*Stored data*.
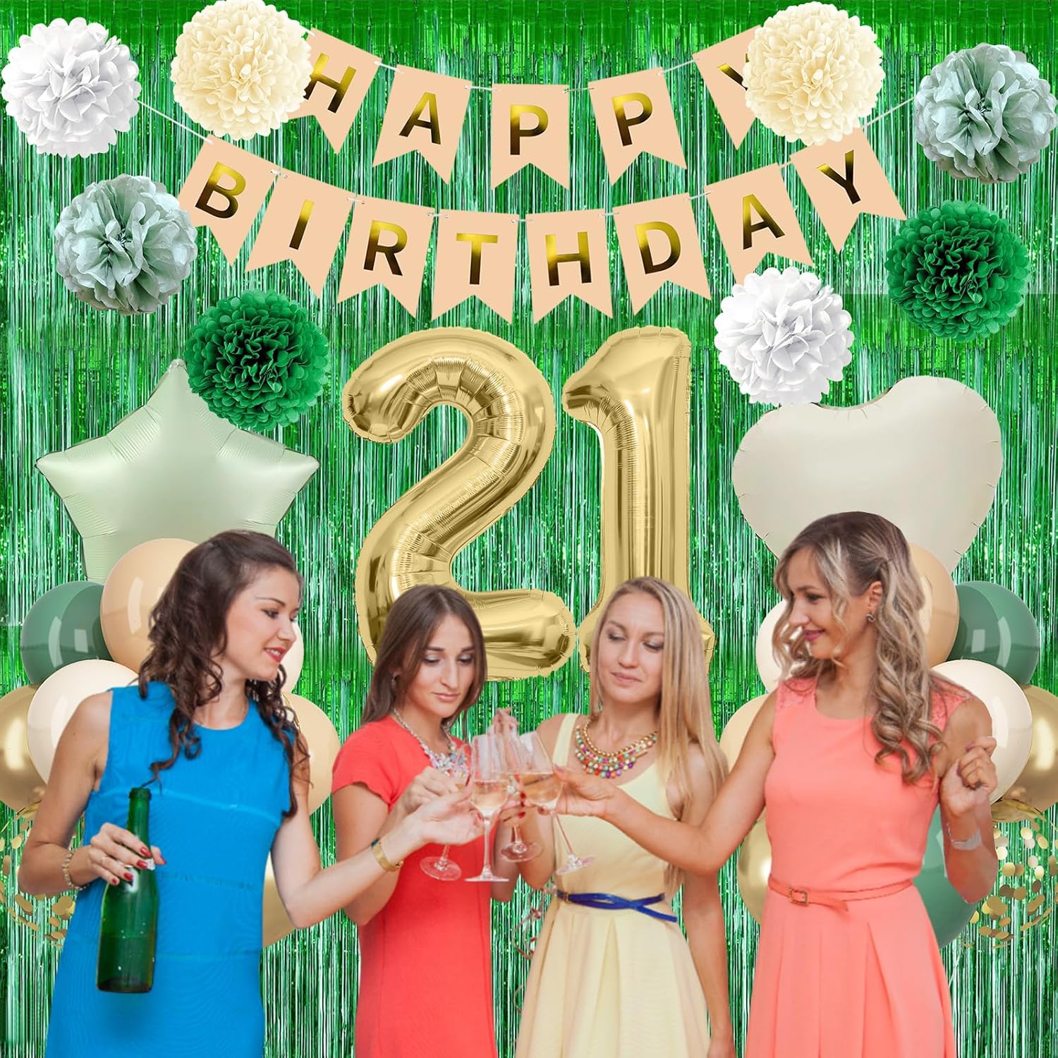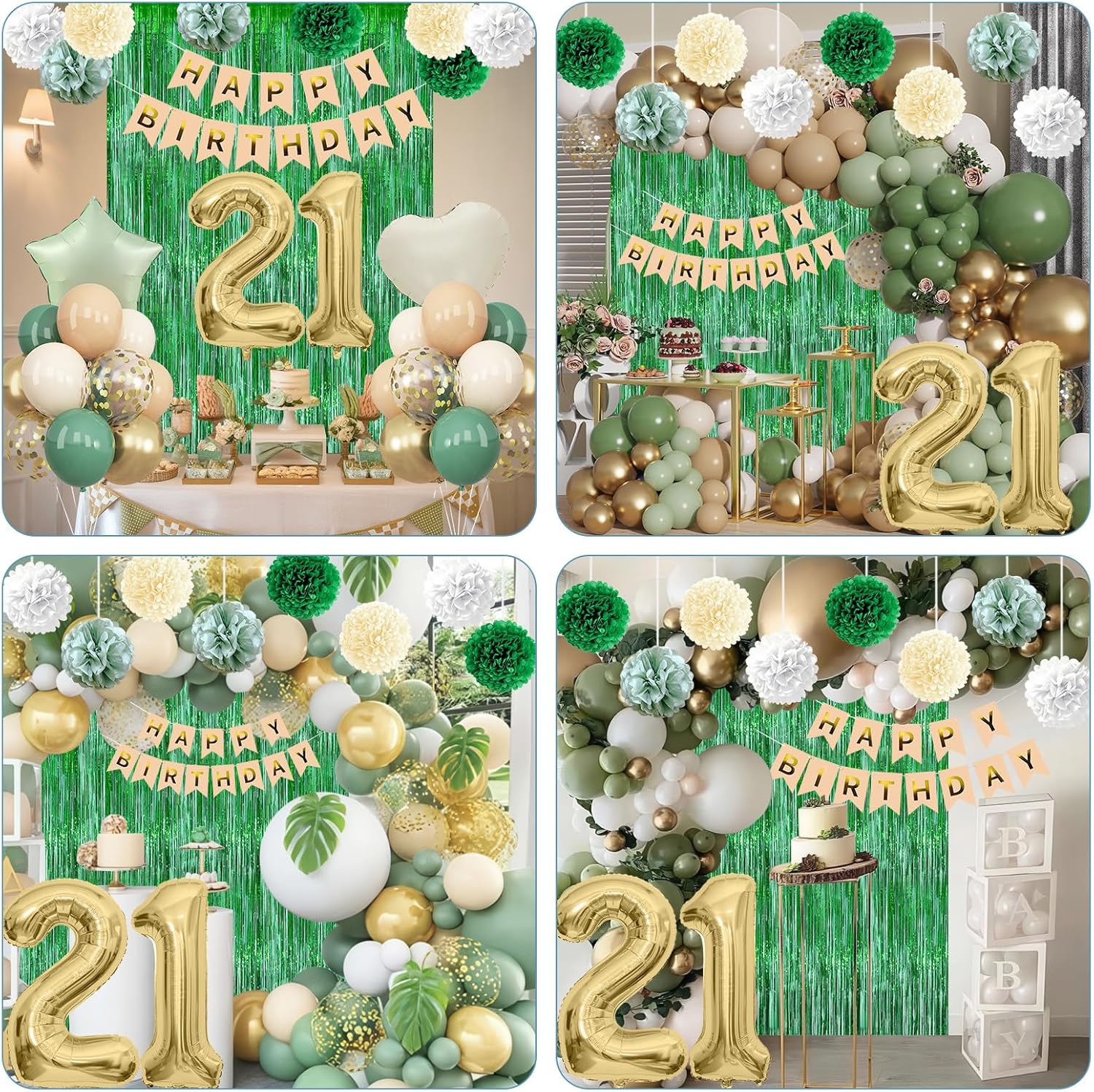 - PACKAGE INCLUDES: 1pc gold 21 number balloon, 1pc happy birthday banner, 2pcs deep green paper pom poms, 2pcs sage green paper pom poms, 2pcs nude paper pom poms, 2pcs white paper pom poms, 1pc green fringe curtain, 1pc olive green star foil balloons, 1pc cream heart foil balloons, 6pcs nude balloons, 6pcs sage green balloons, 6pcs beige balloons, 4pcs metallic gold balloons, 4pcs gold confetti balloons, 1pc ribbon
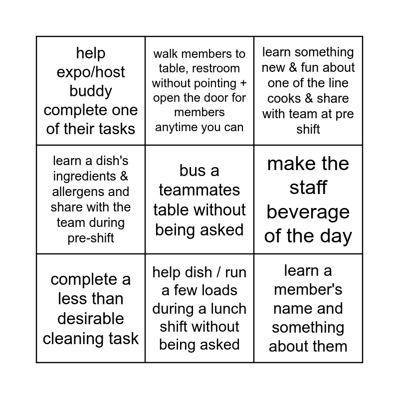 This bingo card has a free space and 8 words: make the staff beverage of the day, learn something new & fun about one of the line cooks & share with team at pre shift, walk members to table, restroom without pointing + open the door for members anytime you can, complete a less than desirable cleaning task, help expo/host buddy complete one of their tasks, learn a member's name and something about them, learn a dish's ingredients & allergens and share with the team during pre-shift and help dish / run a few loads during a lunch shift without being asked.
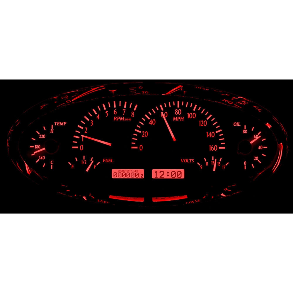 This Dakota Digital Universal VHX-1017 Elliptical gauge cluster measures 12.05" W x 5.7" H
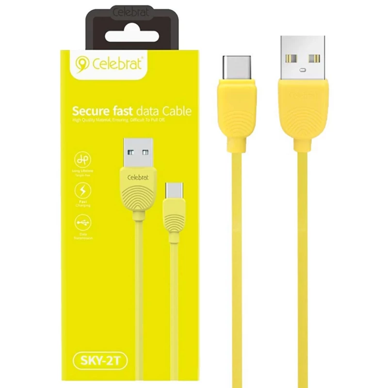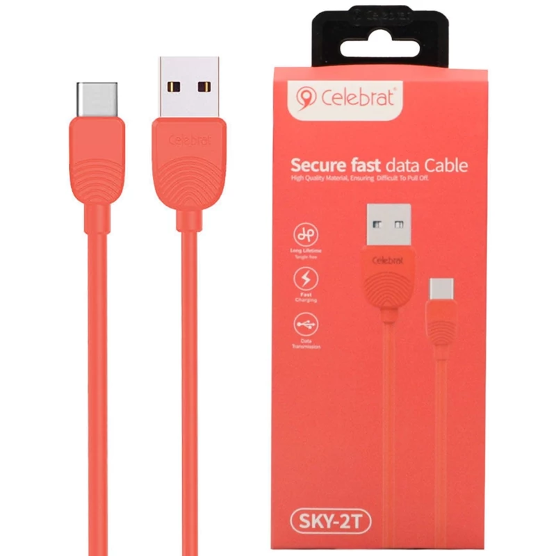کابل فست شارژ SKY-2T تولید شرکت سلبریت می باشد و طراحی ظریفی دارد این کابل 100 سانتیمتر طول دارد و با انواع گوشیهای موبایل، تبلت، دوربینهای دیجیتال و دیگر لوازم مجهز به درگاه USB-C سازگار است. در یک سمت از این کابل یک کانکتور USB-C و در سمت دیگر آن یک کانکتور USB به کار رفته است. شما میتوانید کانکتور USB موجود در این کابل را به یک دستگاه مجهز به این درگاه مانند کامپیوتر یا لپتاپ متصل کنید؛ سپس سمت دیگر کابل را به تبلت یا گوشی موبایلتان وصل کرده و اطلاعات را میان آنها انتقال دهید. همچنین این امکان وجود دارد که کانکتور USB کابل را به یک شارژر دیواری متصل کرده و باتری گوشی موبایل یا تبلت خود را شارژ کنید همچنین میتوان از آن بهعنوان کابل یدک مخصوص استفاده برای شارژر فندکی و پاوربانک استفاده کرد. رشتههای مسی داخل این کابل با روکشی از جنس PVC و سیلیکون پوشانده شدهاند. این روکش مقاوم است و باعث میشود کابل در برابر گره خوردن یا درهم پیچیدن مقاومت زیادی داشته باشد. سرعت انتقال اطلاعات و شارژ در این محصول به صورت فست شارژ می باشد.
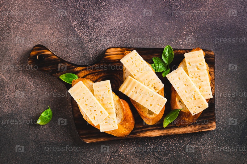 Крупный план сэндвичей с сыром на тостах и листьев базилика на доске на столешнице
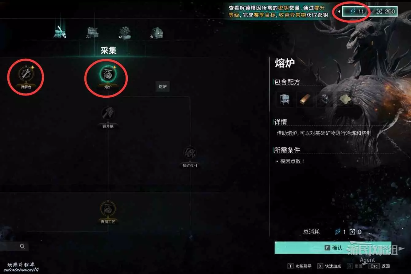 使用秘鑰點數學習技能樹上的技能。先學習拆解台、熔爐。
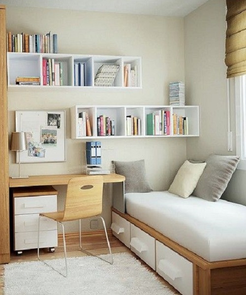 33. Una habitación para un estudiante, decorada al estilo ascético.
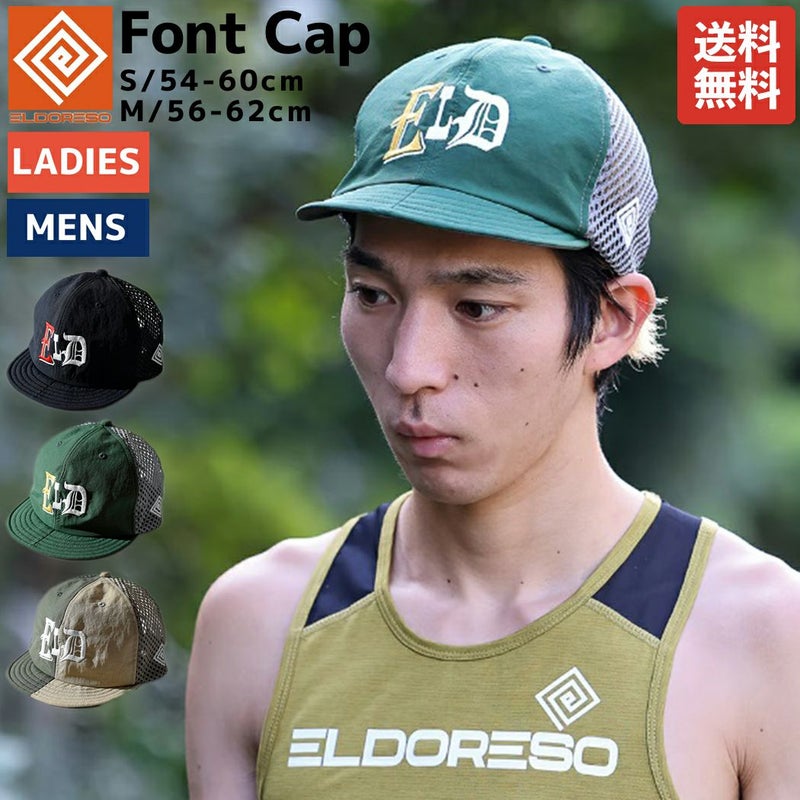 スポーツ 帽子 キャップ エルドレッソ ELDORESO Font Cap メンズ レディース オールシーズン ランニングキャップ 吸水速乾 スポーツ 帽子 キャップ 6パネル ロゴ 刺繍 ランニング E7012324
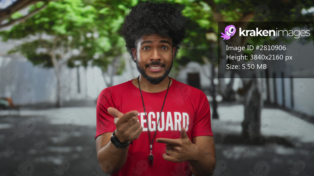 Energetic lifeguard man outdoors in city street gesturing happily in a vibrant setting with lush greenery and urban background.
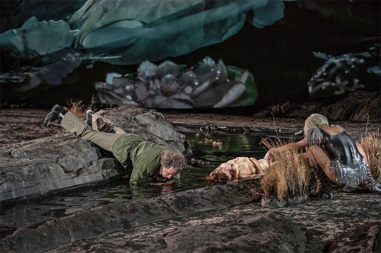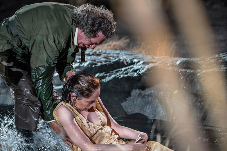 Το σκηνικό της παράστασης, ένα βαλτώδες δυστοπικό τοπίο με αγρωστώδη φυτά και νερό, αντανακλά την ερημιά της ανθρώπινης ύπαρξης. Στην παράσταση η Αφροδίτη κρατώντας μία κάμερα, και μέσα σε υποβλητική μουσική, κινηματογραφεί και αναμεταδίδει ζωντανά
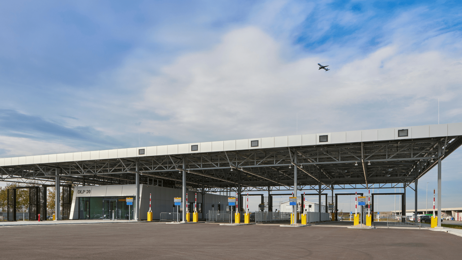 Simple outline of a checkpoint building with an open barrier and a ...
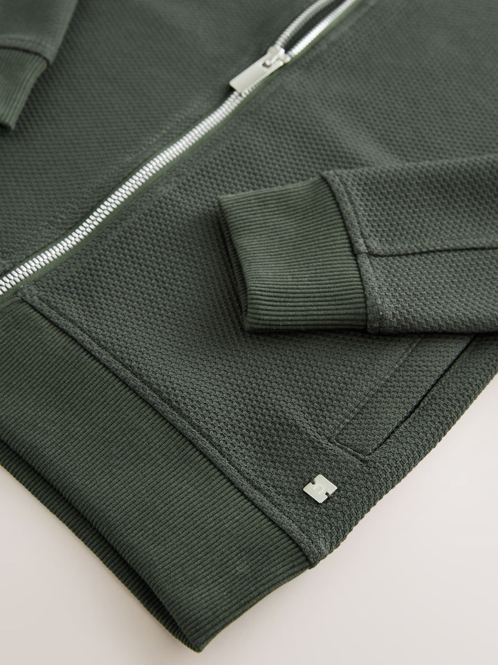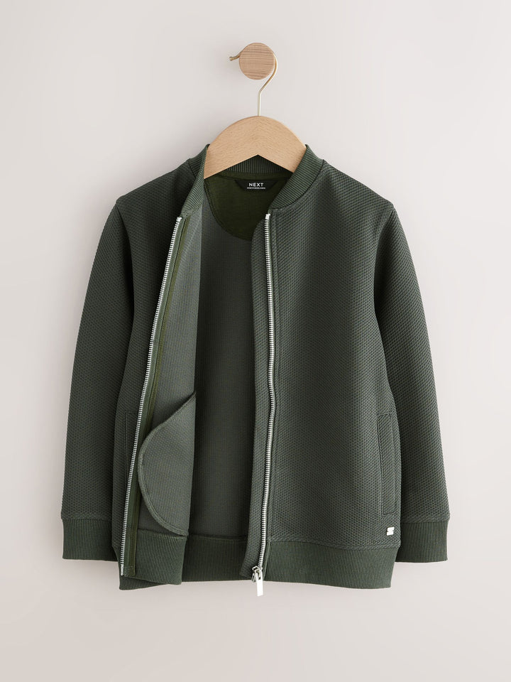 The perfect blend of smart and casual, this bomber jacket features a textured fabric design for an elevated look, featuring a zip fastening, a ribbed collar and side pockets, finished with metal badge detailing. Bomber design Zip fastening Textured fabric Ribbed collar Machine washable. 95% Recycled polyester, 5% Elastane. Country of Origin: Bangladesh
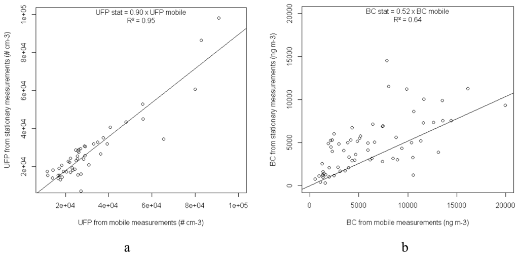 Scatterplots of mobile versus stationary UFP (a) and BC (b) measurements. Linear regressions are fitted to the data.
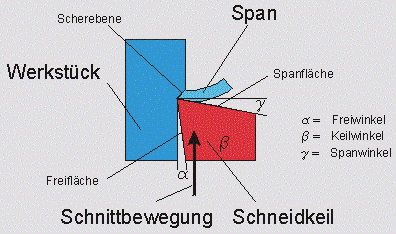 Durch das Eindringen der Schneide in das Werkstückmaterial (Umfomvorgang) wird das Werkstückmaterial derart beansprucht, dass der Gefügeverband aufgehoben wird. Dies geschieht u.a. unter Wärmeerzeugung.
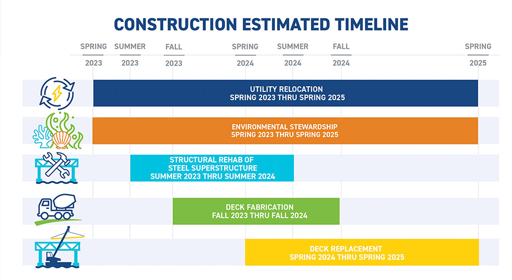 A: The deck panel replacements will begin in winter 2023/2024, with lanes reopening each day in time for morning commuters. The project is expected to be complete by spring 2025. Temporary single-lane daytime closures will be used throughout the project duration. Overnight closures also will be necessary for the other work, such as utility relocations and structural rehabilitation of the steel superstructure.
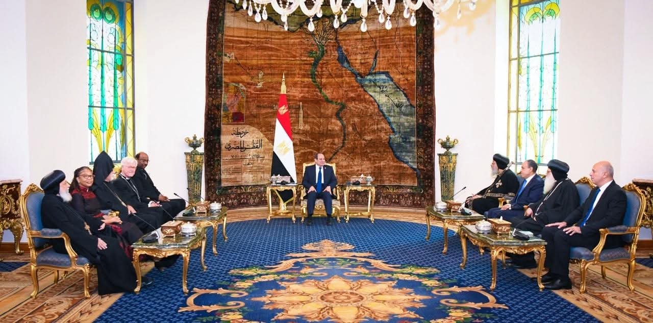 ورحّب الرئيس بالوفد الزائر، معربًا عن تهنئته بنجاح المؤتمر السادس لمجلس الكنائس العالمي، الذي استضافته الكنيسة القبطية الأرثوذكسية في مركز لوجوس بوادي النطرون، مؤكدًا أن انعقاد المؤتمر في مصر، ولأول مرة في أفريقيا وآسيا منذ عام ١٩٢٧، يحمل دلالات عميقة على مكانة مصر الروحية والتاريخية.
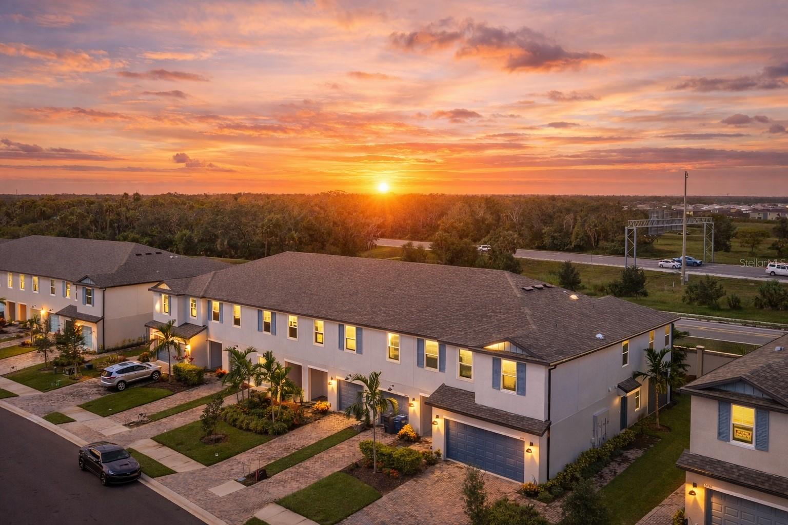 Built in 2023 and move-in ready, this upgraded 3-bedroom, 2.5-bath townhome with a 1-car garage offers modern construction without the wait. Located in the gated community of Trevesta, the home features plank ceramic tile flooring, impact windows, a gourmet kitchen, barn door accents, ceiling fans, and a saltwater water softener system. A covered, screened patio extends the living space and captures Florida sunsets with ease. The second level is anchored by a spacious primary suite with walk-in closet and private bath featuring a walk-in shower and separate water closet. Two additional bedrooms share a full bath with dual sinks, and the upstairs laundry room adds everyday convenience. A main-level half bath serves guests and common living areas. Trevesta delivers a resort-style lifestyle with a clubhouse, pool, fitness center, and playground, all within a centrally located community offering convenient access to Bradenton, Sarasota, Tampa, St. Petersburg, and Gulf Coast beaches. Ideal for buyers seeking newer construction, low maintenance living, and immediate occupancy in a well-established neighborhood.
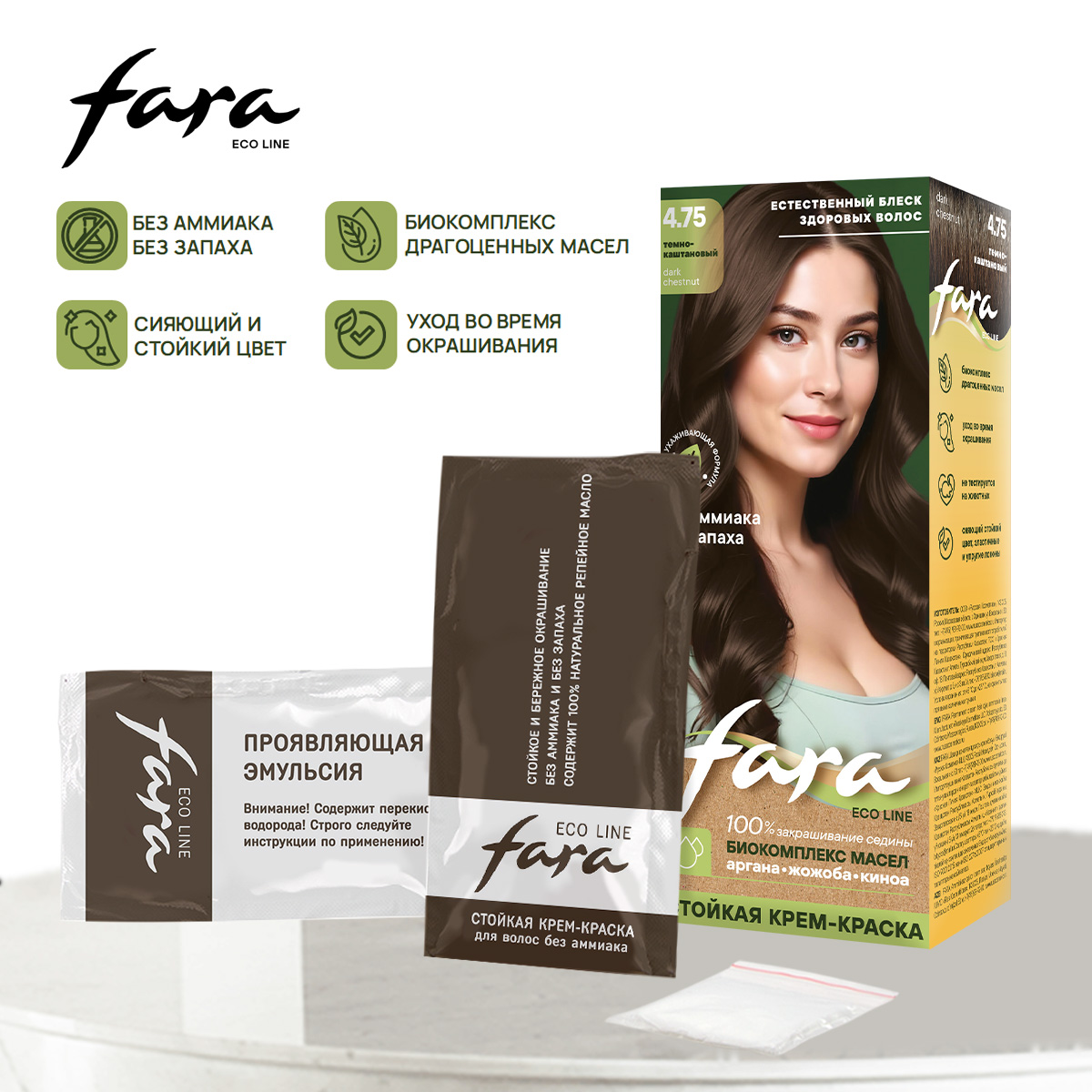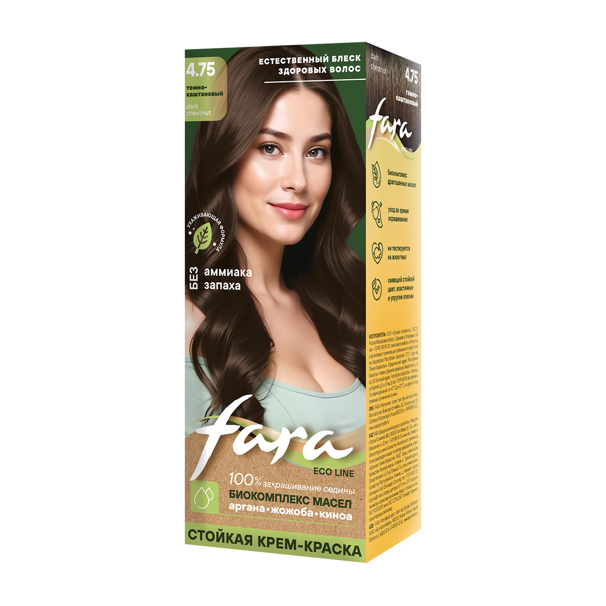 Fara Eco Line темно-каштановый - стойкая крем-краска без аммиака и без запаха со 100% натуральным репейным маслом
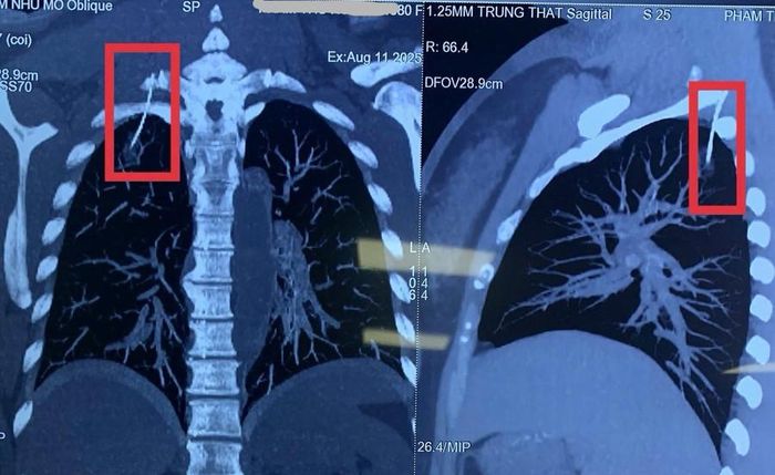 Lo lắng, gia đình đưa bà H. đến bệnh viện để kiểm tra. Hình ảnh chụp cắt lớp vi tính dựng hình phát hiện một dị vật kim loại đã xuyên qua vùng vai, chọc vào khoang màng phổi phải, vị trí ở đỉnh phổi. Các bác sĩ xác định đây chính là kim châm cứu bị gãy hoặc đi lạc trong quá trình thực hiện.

*Goal of the exercise*. Each line above from the one containing "This Dakota Digital" through the one containing "Energetic lifeguard man" is to be returned verbatim. Nothing else, and no pictures.

*Solution to this exercise*.
 This Dakota Digital Universal VHX-1017 Elliptical gauge cluster measures 12.05" W x 5.7" H
کابل فست شارژ SKY-2T تولید شرکت سلبریت می باشد و طراحی ظریفی دارد این کابل 100 سانتیمتر طول دارد و با انواع گوشیهای موبایل، تبلت، دوربینهای دیجیتال و دیگر لوازم مجهز به درگاه USB-C سازگار است. در یک سمت از این کابل یک کانکتور USB-C و در سمت دیگر آن یک کانکتور USB به کار رفته است. شما میتوانید کانکتور USB موجود در این کابل را به یک دستگاه مجهز به این درگاه مانند کامپیوتر یا لپتاپ متصل کنید؛ سپس سمت دیگر کابل را به تبلت یا گوشی موبایلتان وصل کرده و اطلاعات را میان آنها انتقال دهید. همچنین این امکان وجود دارد که کانکتور USB کابل را به یک شارژر دیواری متصل کرده و باتری گوشی موبایل یا تبلت خود را شارژ کنید همچنین میتوان از آن بهعنوان کابل یدک مخصوص استفاده برای شارژر فندکی و پاوربانک استفاده کرد. رشتههای مسی داخل این کابل با روکشی از جنس PVC و سیلیکون پوشانده شدهاند. این روکش مقاوم است و باعث میشود کابل در برابر گره خوردن یا درهم پیچیدن مقاومت زیادی داشته باشد. سرعت انتقال اطلاعات و شارژ در این محصول به صورت فست شارژ می باشد.
 Крупный план сэндвичей с сыром на тостах и листьев базилика на доске на столешнице
 使用秘鑰點數學習技能樹上的技能。先學習拆解台、熔爐。
 33. Una habitación para un estudiante, decorada al estilo ascético.
 スポーツ 帽子 キャップ エルドレッソ ELDORESO Font Cap メンズ レディース オールシーズン ランニングキャップ 吸水速乾 スポーツ 帽子 キャップ 6パネル ロゴ 刺繍 ランニング E7012324
 Energetic lifeguard man outdoors in city street gesturing happily in a vibrant setting with lush greenery and urban background.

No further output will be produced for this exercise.